PROBLEM DESCRIPTION: Which lines belong in your copy? Those from the start of the data through the line with "Il monolocale è", exactly as written, without any pictures.

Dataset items
Start of Block

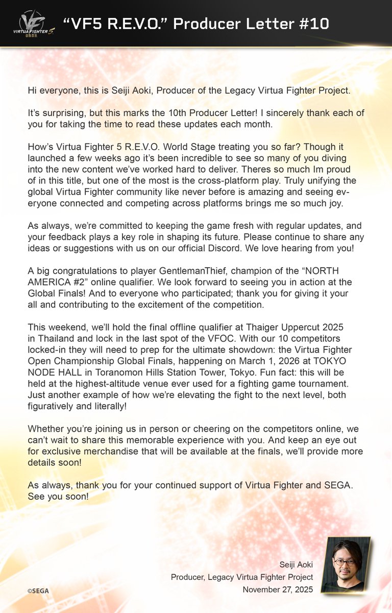 “Virtua Fighter 5 R.E.V.O.” Producer Letter #10✉
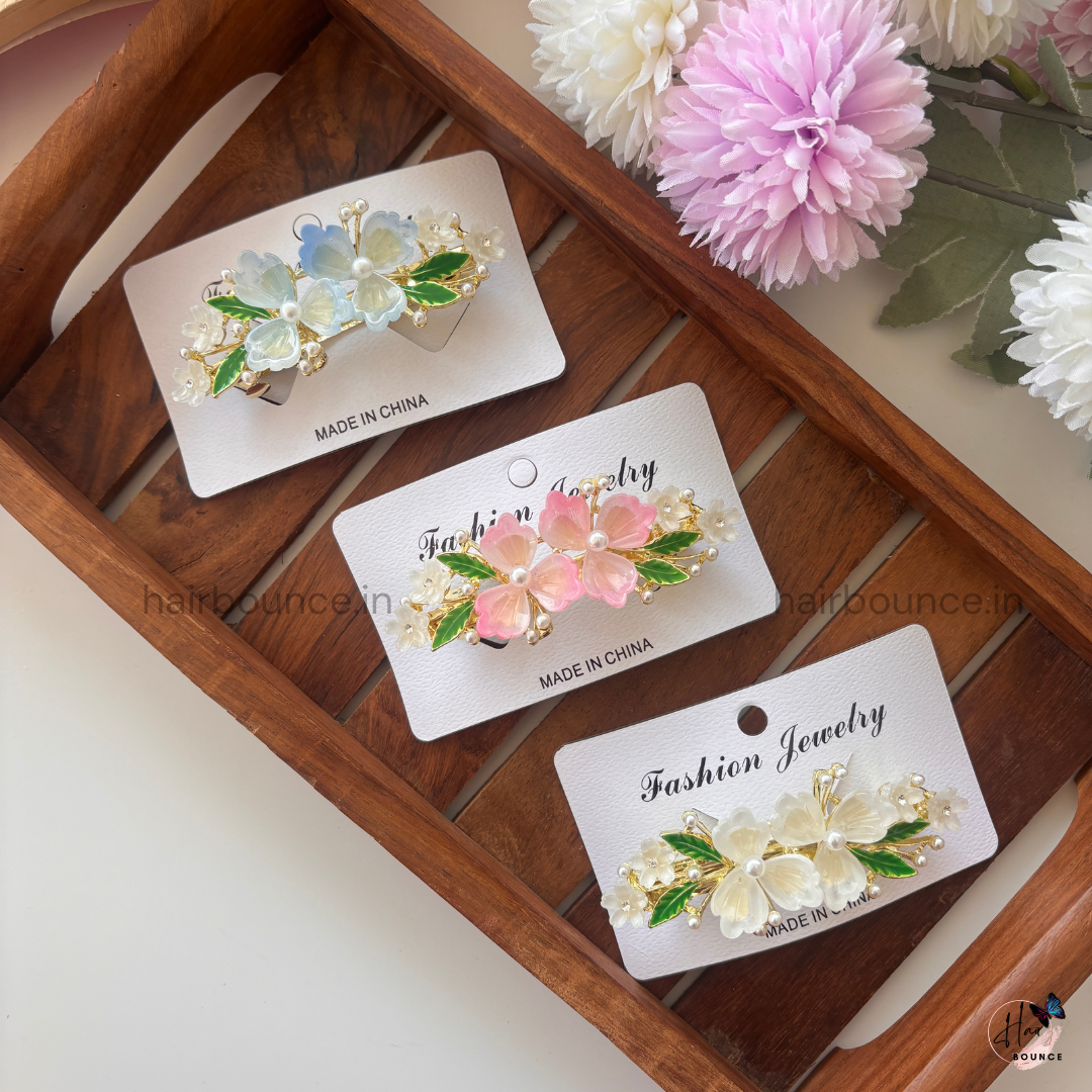 Delicately crafted with translucent floral petals, soft pearls, and golden leaf accents, the Pearl Blossom Center Clip adds a graceful charm to your hairstyle. Designed to sit beautifully at the center, this clip brings a touch of elegance to festive looks, casual outings, or special occasions. Lightweight yet eye-catching, it’s perfect for elevating both traditional and modern styles effortlessly.
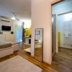 Il monolocale è arredato con gusto ed un tocco di romanticismo, ed offre un ambiente luminoso e arioso. La zona notte è dotata di un ampio letto matrimoniale con spaziosi comodini e prese internazionale ed USB C integrate.
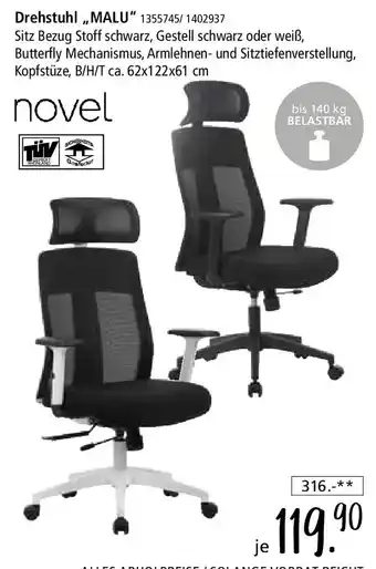 Jetzt im Angebot bei Zurbrüggen: Novel Drehstuhl ,,MALU" ✅ Aktion gültig vom 9-01 bis 26-01.
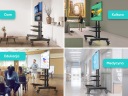 Ten regulowany stojak na telewizor umożliwia łatwe przemieszczanie dużych ekranów, zastępując ciężkie meble RTV. Mobilna podstawa pod TV sprawdza się w biurach, szkołach, a także w przestrzeniach domowych do prezentacji, wykładów lub oglądania filmów. Stojak pod TV z uchwytem na kable umożliwia estetyczne prowadzenie przewodów, a wózek pod TV z hamulcami gwarantuje stabilność podczas transportu.
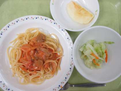 スパゲティトマトクリームソース 牛乳 春キャベツのサラダ りんご
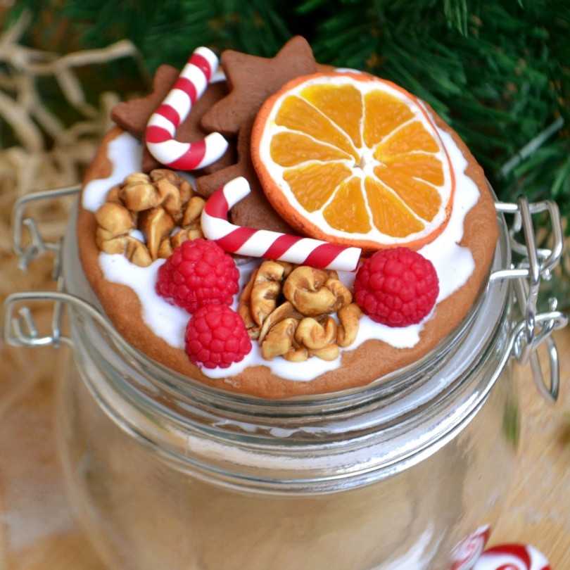 - Набор для горячего шоколада – наполните стеклянную банку порошком какао. Сверху украсьте дольками шоколада или маршмеллоу. Украсьте леденцами.

End of Block

WRITTEN ANSWER:
 “Virtua Fighter 5 R.E.V.O.” Producer Letter #10✉
 Delicately crafted with translucent floral petals, soft pearls, and golden leaf accents, the Pearl Blossom Center Clip adds a graceful charm to your hairstyle. Designed to sit beautifully at the center, this clip brings a touch of elegance to festive looks, casual outings, or special occasions. Lightweight yet eye-catching, it’s perfect for elevating both traditional and modern styles effortlessly.
 Il monolocale è arredato con gusto ed un tocco di romanticismo, ed offre un ambiente luminoso e arioso. La zona notte è dotata di un ampio letto matrimoniale con spaziosi comodini e prese internazionale ed USB C integrate.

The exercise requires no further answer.